我是Google Cloud Storage的新手。在我的python代码中,我有几个数据框,我想将它们作为多个表格的单个excel文件存储在GCS存储桶中。在本地目录中,我可以使用ExcelWriter做到这一点。这是该代码

writer = pd.ExcelWriter(filename)
dataframe1.to_excel(writer, 'sheet1', index=False)
dataframe2.to_excel(writer, 'sheet2', index=False)
writer.save()

我不想将临时文件保存在本地目录中,然后将其上传到GCS。

Questioner
Nishant Igave
Viewed
0
Sarath Gadde 2020-11-30 17:19:23

你可以使用engine = xlsxwriter实例化ExcelWriter()并使用fs-gcsfs将bytes数组写入GCS存储桶中的excel文件。

根据你的情况,你可以执行以下操作:

import io
import pandas as pd
from fs_gcsfs import GCSFS

gcsfs = GCSFS(bucket_name='name_of_your_bucket',
                      root_path='path/to/excel', 
#set a different root path if you wish to upload multiple files in different locations
                      strict=False)
gcsfs.fix_storage()

output = io.BytesIO()
writer = pd.ExcelWriter(output, engine='xlsxwriter')
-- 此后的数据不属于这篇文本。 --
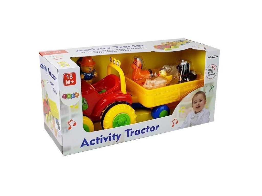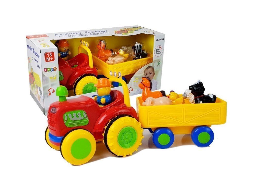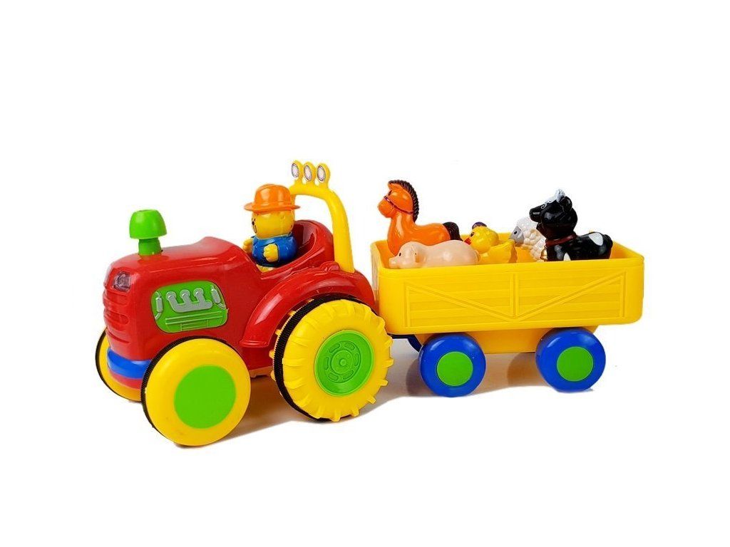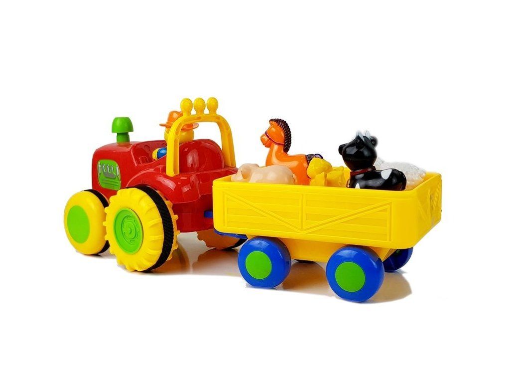 Interaktívny traktor s prívesom pre najmenších prinesie deťom veľa zábavy. Na traktore sa nachádza komín, ktorý keď stlačíte ide vpred a vydáva zvuky motora a zvuk húkačky. Hračka je vyrobená z najkvalitnejšieho plastu, vďaka ktorému je veľmi pevná a odolná a predovšetkým bezpečná na použitie.

dataframe1.to_excel(writer, sheet_name='sheet1', index=False)
dataframe2.to_excel(writer, sheet_name='sheet2', index=False)

writer.save()
xlsx_data = output.getvalue()

with gcsfs.open('./excel_file.xlsx', 'wb') as f:
  f.write(xlsx_data) 

PS:我必须使用strict = False,因为fs-gcsfs无法找到根路径(请检查文档中fs-gcsfs的限制部分)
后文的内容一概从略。